Congrats Brother. Watching and being part of other degrees will greatly help in understanding what you just went through and your upcoming proficiency work.


----------



## Ashlar76 (Apr 11, 2013)

Congratulations on being initiated into The Craft.


Freemason Connect Mobile


----------



## Todd Robinson (Apr 12, 2013)

Congratulations!

We had 5 candidates in my class but one couldn't make it that nite due to work. I entered 3rd out of 4 so I got to watch the last candidate after me take his Obligation.

The Master arraigned for the lodge in an adjacent town to confer a courtesy  degree on our 5th candidate the following week. I figured I'd go to see him go thru the degree. It was great to see the whole ritual again (a few times over since the other lodge had their own candidates) just a week after I went thru it. It helped things sink in quite a bit.

Needless to say, I went to the other lodges 2nd & 3rd degrees to get the same benefit. 

I like to go to different lodges and watch their degree work. Although the ritual is the same throughout the jurisdiction, each lodge has their own unique customs.

Enjoy!


Freemason Connect Mobile


----------



## shadowwalker (Apr 12, 2013)

I took my EA alone.  I had been doing my work for about a month when our WM took me to a lodge in a neighboring town where they were doing an EA degree.  It sure is inspiring to see it.  I have just became active again after several years of not being able to attend lodge.  I look forward to attending and hopefully participating in helping more Brothers enjoy the beauty and Brotherhood of our Craft.  Welcome Brother.


----------



## JKC84 (Apr 12, 2013)

shadowwalker said:


> I took my EA alone.  I had been doing my work for about a month when our WM took me to a lodge in a neighboring town where they were doing an EA degree.  It sure is inspiring to see it.  I have just became active again after several years of not being able to attend lodge.  I look forward to attending and hopefully participating in helping more Brothers enjoy the beauty and Brotherhood of our Craft.  Welcome Brother.

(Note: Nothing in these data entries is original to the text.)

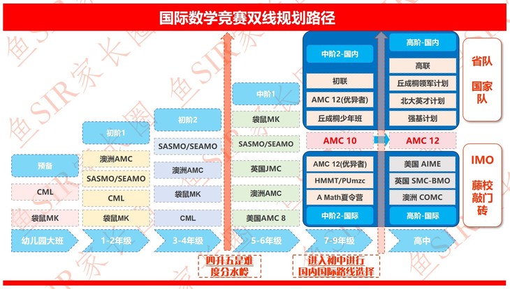 多数比赛在4年级开始有比较大的难度提升,基本上能走到4年级还可以参与各类国际竞赛并取得银奖及以上奖项的孩子,完全可以继续学习奥数,按照我们给出的路径通关,获得大满贯。
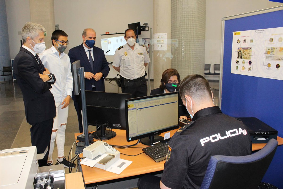 El ministro del Interior, Fernando Grande-Marlaska, ha presentado este miércoles 2 de junio el DNI Europeo, la nueva versión del DNI electrónico, en un acto celebrado en la comisaría de la Policía Nacional de la localidad madrileña de Móstoles, donde ha estado acompañado por el director general de la Policía, Francisco Pardo; la delegada del Gobierno en Madrid, Mercedes González; la alcaldesa de Móstoles, Noelia Posse y el comisario de la Policía Nacional de Móstoles, David Cervera, entre otras autoridades.
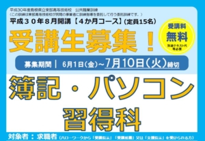 この訓練は、日商簿記やパソコン(ワード・エクセル)、ジョブパス等の資格取得を目指し、各種オフィスアプリケーションを活用した書類作成や、簿記会計電話応対などの事務業務ができる人材を育成します。受講料は無料です。(テキスト代が必要です)最寄りのハローワークの窓口でご相談のうえ、入校願に必要事項を記入して、住所地を管轄するハローワークに提出してください。
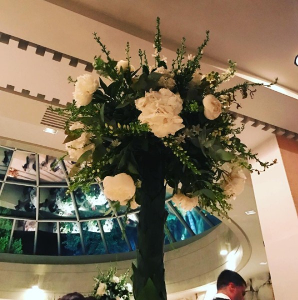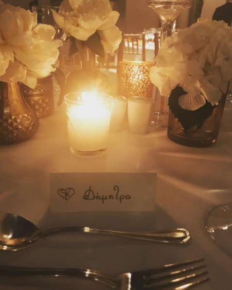 Το λευκό ήταν το χρώμα που κυριαρχούσε στην διακόσμηση όπως και το χρυσό, αποχρώσεις που είδαμε τόσο στα λουλούδια όσο και στην μπομπονιέρα με το σύμβολο S και K μέσα σε μια καρδιά.
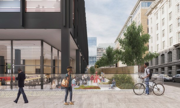 But many core elements remain. The auditorium, slated to sit on the fourth floor and continue through to the fifth floor, is in the same spot, but now features standard stadium seating instead of the U-shaped configuration that was presented earlier. The public roof space has also been reduced to roughly half of the overall roof area, and is now confined to the southeastern portion of the roof facing the National Portrait Gallery. The design for the double-height reading room on the third floor looks more developed, but basically the same. On the first floor, at the library entrance, the vestibule walls have been opened up along the south corners and replaced with glass, which would allow pedestrians walking past the library to see into the stairwell cores.
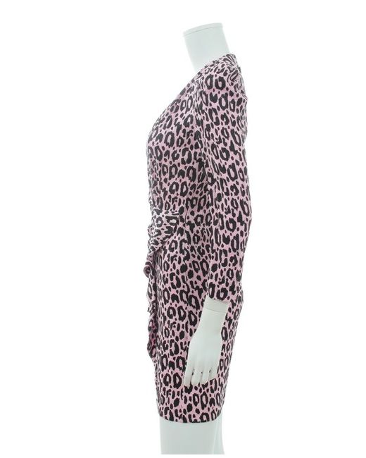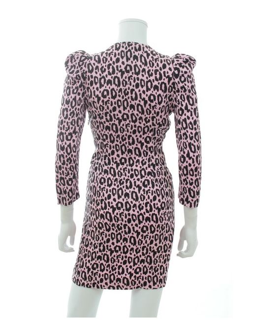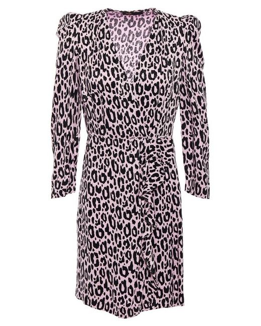 Maje leopard printed crepe dress. T hree-quarter-length puff sleeves. All-over animal print. Wrap-over at front. Flared trim at front. Straight hem. Concealed zip fastening at side. RRP £269.00.

Thank you brother. I as well look forward to attending more degree rituals. 


Freemason Connect Mobile


----------



## Bro. Kilpatrick (Apr 12, 2013)

Congrats and welcome to the fraternity!


Freemason Connect Mobile


----------



## DJGurkins (Apr 12, 2013)

Congratulations and welcome to the forum. I was just initiated last month and you are right it is a wondeful thing to witness. It will also help for your memory work it has for me.

Freemason Connect Mobile


----------



## SheaW (Apr 13, 2013)

I was initiated last week! What an experience. 

It felt like an experience similar to being a young child going to a theatre for the first time. Being involved in something bigger and more emotional to understand at that moment. 

Freemason Connect Mobile


----------